_SUPPLIED DATA_

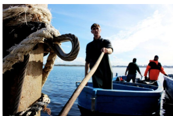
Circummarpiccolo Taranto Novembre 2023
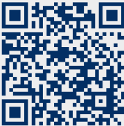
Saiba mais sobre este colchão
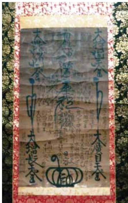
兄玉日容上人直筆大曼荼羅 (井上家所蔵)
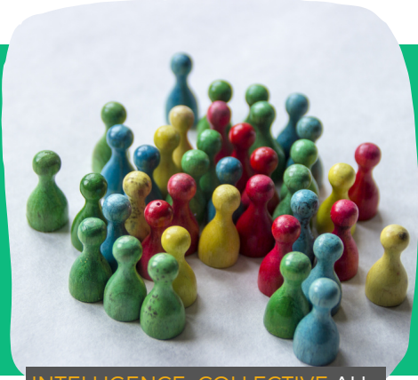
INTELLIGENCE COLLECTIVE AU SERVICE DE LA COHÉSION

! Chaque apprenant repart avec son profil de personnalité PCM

==

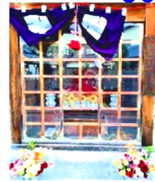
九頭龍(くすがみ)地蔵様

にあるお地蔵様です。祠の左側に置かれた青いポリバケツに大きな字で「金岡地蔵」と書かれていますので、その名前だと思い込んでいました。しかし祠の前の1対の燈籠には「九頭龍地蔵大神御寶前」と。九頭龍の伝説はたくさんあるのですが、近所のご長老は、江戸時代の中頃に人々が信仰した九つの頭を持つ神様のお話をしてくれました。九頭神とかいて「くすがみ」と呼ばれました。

_WHAT IS BEING ASKED_
Text only, no pictures: please print exactly the lines above from the line with "Saiba mais sobre este colchão" up to and including the line with "de personnalité PCM", and nothing else.

_EXERCISE RESPONSE_
Saiba mais sobre este colchão
兄玉日容上人直筆大曼荼羅 (井上家所蔵)
INTELLIGENCE COLLECTIVE AU SERVICE DE LA COHÉSION

! Chaque apprenant repart avec son profil de personnalité PCM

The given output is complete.